The current trend for the UK Government is to focus on encouraging farmers and landowners to provide ‘ecosystem services’ to aid biodiversity and improve resilience to climate change, but there is no reason why ecosystem services should inhibit food production. One Planet Developments, and some long-established farms, show that regenerative food production methods also improve ecosystems and biodiversity. 

To address the economic, cultural and environmental challenges discussed above, changes in planning and are needed along with an integrated strategic framework in which key economic, social and environmental sectors work together more effectively. 

The national and local governments need to be fully aware of the new realities of climate risks and likely supply disruptions and aim to develop an integrated strategy that diversifies farm production and allows the rural populations to increase to levels at which public, voluntary and commercial services can be sustained. 
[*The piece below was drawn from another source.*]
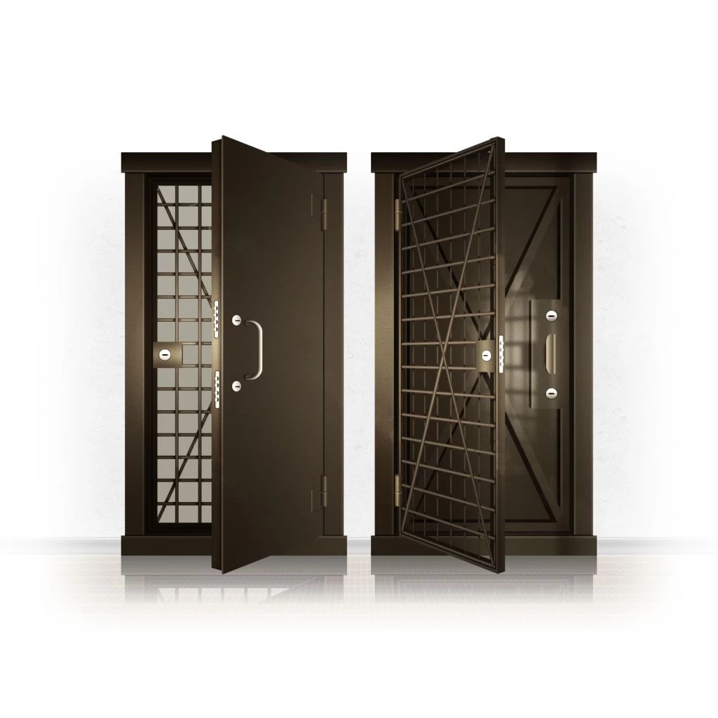 Металлические двери КХО и КХН представляют собой входные блоки, обладающие высоким уровнем взломостойкости и состоят из трех основных элементов: усиленного каркаса, сплошного металлического полотна и решетчатой двери. Дверной блок изготавливается из стального уголка 100*100 мм. Места крепления блока к стене цементируются и закрываются стальными наличниками шириной 40 мм. Крепеж заходит вглубь стены на 80 мм. В конструкции внешней створки монтируются ребра жесткости, для обшивки используется сталь толщиной не менее 3 мм. Внутренняя решетка изготавливается из прутка диаметром 16 мм. Размер ячеек решетки должен составлять не более 15 на 15 см. В точках пересечения прутья надежно приваривают друг к другу. В КХО и КХН необходимо поддерживать определенную температуру и влажность. Для этого внутреннее пространство глухой двери заполняется теплоизоляционным материалом, а по периметру двери приклеивается уплотнитель. Такие двери оборудуются замками с повышенным уровнем взломостойкости. Специализированные двери КХО и КХН в Зернограде могут быть оснащены сигнализацией, в конструкции могут быть проушины для навесного замка и элементами для опечатывания. Если идет речь о двери в комнату хранения оружия, в створке оборудуется окно для выдачи оружия и спец. средств, которое накрывается стальной дверцей.

The Welsh Government also needs to be ready to provide appropriate support so that farmers can adopt new, greener technologies and respond to new markets. And it needs to promote long term sustainability through payments for eco-system services and policies that create robust – and younger - rural communities that are prepared and able to respond to the challenges and opportunities above.

Summary

On the basis of the evidence above, Calon Cymru Network makes the following points:

a)      Family farms are essential to the future of the Welsh language, which has cultural, historical and economic value.

b)      Family farms and farming communities will be increasingly important in the future as contributors to local food supplies, as climate change and resource constraints reduce global yields and quantities available for export, even if new trade deals are signed.

c)       Farms will have to diversify into greater output of foods for direct human consumption, but there is some resistance to this among the farming community in Wales, accustomed as it is to raising livestock on pasture, much of which is poor quality.

d)      Ecosystem improvements are vital, and they can be integrated into food production.

e)      The planning system in Wales, and land taxation policy for the UK, need adjustment to encourage resettlement in the countryside.             

 

 

October 2021


[1] Agriculture in the United Kingdom 2020, from the Department for Environment, Food and Rural Affairs, derived from table 2.4.

[2] Annual Population Survey 2021.

[3] A Rural Vision for Wales, Aberystwyth University, January 2021, section 4.63.

[4] Agriculture in the United Kingdom 2020, from table 3.4.

[5] Aggregate Agricultural Output and Income 2020, from the Welsh Government.

[6] Agriculture in the United Kingdom 2020, table 2.6.

[7] Evidence to the House of Lords Select Committee on the European Union, July 6 2005.

[8] Diversification and Resilience of Welsh Farming Prospects after Brexit, National Assembly for Wales, December 2019.

[9] Ibid.

[10] Released January 21 2021.

[11] The Royal Institute of International Affairs.

[12] House of Commons Library, February 7 2020.

[13] Horticulture Statistics, July 20 2021, from the Department for Environment, Food and Rural Affairs.

[14] Statistics on Obesity, Physical Activity and Diet, England, 2019, May 8 2019.

[15] June 2019 Survey of Agriculture and Horticulture: Results for Wales, November 20 2019.